I’m well aware of what Bishop Lawrence said a few years ago about not leaving the Episcopalians. And look where his promises seem to have landed him. As far as TEO is concerned, Lawrence’s policy of putting as much distance between Charleston and New York as he possibly could is exactly the same thing as declaring for the Anglican Church in North America.

But if Lawrence is deposed, South Carolina will just elect another traditionalist in his place. Not when Mrs. Schori can waltz in, fire the Standing Committee, appoint a compliant committee in its place, appoint her usual simpering toadie of a temporary bishop and stack a convention, they won’t.

And even if South Carolina somehow managed to elect another conservative, does anyone seriously believe that he will receive consents? Me neither.

The Curmudgeon:

But what to one’s surprise: Canon IV.16 provides only for summary action by a simple majority of the eighteen-member Disciplinary Board. They “certify” the fact of “abandonment” to the Presiding Bishop; she slaps a restriction on the abandoning bishop (inhibits him from exercising his office), and gives him sixty days to retract or deny his acts of abandonment. If he does not do so, or if the Presiding Bishop in her sole judgment decides that any denial is not in “good faith”, then she presents the matter to the House for a resolution to depose the abandoning bishop.

Under this procedure, and contrary to the peremptory language of Canon IV.17, no appeal exists from any restriction imposed by the Presiding Bishop, or from any resolution adopted by “a majority of the whole number of bishops entitled to vote” (which the Presiding Bishop and her Chancellor interpret — wrongly, as demonstrated in the series of posts linked at this page — as meaning “a majority of those present and voting”). So despite the Canons saying what they do, we once again are witnesses to the Church’s higher authorities deciding that they do not mean what they say.
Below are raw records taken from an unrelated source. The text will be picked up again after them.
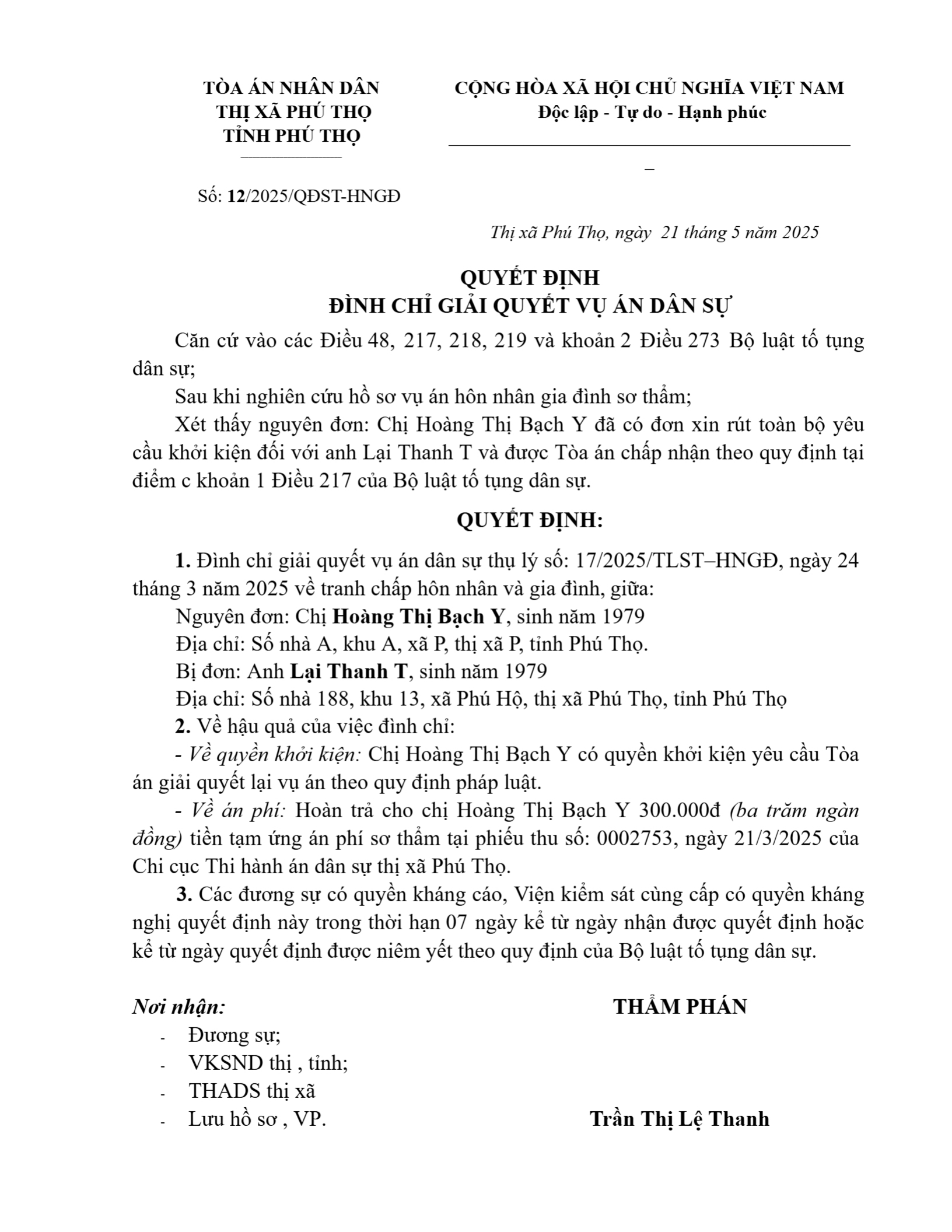 Quyết định số 12/2025/QĐST-HNGĐ ngày 21/05/2025 của TAND TX. Phú Thọ, tỉnh Phú Thọ về vụ án ly hôn về mâu thuẫn gia đình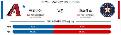 4월 13일 10:40 MLB 애리조나 : 휴스턴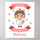 Cute birthday poster for your favourite nurse. In the centre of the design is a cute nurse wearing a white uniform and nurses hat and carrying a blue medical file. Above and below her are pink banners reading Happy Birthday in white lettering. Behind her is colourful confetti floating around. Below the design is a template to add the birthday girl's name in dark pink lettering.

But now Bishop Henderson has made it official: despite all the fanfare about the supposedly “more humane” character of the new disciplinary canons, when it comes to “abandonment”, it is business as usual in the Episcopal Church (USA). If the Disciplinary Board certifies the flimsy acts spelled out in the document published on South Carolina’s website as constituting “abandonment”, it will have acted even worse (if that is possible) than did the old Title IV Review Committee in the case of Bishop Duncan. And for the second time in its history, the Episcopal Church’s House of Bishops will have decided to remove one of its own members, a sitting and functioning bishop, from his diocese without any overt act on his part of renunciation or departure — indeed, in spite of all his protestations to the contrary.

All of which suggests that Church Center has wanted this fight from the start. If this travesty goes ahead and Lawrence is deposed, then there is no longer any reason for Charleston to avoid joining ACNA. South Carolina had better be prepared to fight hard, fight long and make any Episcopalian “victory” as pyrrhic as it possibly can.

Is it unseemly for Christian churches to be involved in these sorts of disputes? Yes. But only one of the churches involved in this particular fight is Christian in any meaningful sense of that word. So there’s that.